Literature DB >> 22373282

Effect of population stratification analysis on false-positive rates for common and rare variants.

Hua He¹, Xue Zhang, Lili Ding, Tesfaye M Baye, Brad G Kurowski, Lisa J Martin.

Abstract

Principal components analysis (PCA) has been successfully used to correct for population stratification in genome-wide association studies of common variants. However, rare variants also have a role in common disease etiology. Whether PCA successfully controls population stratification for rare variants has not been addressed. Thus we evaluate the effect of population stratification analysis on false-positive rates for common and rare variants at the single-nucleotide polymorphism (SNP) and gene level.
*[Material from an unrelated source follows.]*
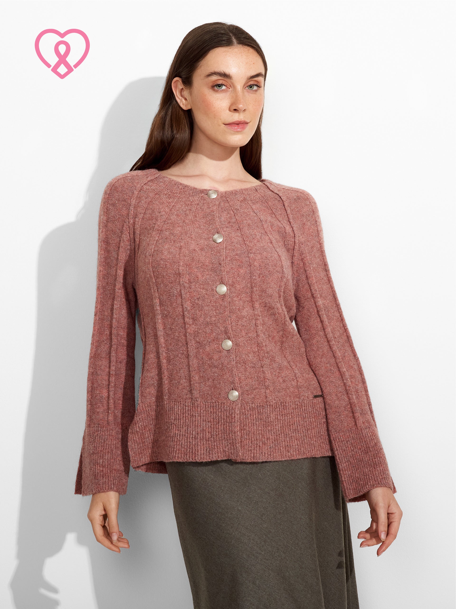 Cárdigan Zephir en tonalidad rosado, diseñado con cuello redondo y botones metálicos. Confeccionado en baby alpaca, brinda calidez y suavidad. | Material predominante: Baby Alpaca
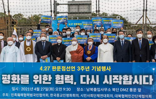 27일 오전 경기도 파주시 남북출입사무소 북단 DMZ 통문 앞에서 열린 4.27 판문점선언 3주년 기념행사가 끝난 뒤 참석자들이 기념촬영을 하고 있다.

We use the simulation data from Genetic Analysis Workshop 17 and compare false-positive rates with and without PCA at the SNP and gene level. We found that SNPs' minor allele frequency (MAF) influenced the ability of PCA to effectively control false discovery. Specifically, PCA reduced false-positive rates more effectively in common SNPs (MAF > 0.05) than in rare SNPs (MAF < 0.01). Furthermore, at the gene level, although false-positive rates were reduced, power to detect true associations was also reduced using PCA. Taken together, these results suggest that sequence-level data should be interpreted with caution, because extremely rare SNPs may exhibit sporadic association that is not controlled using PCA.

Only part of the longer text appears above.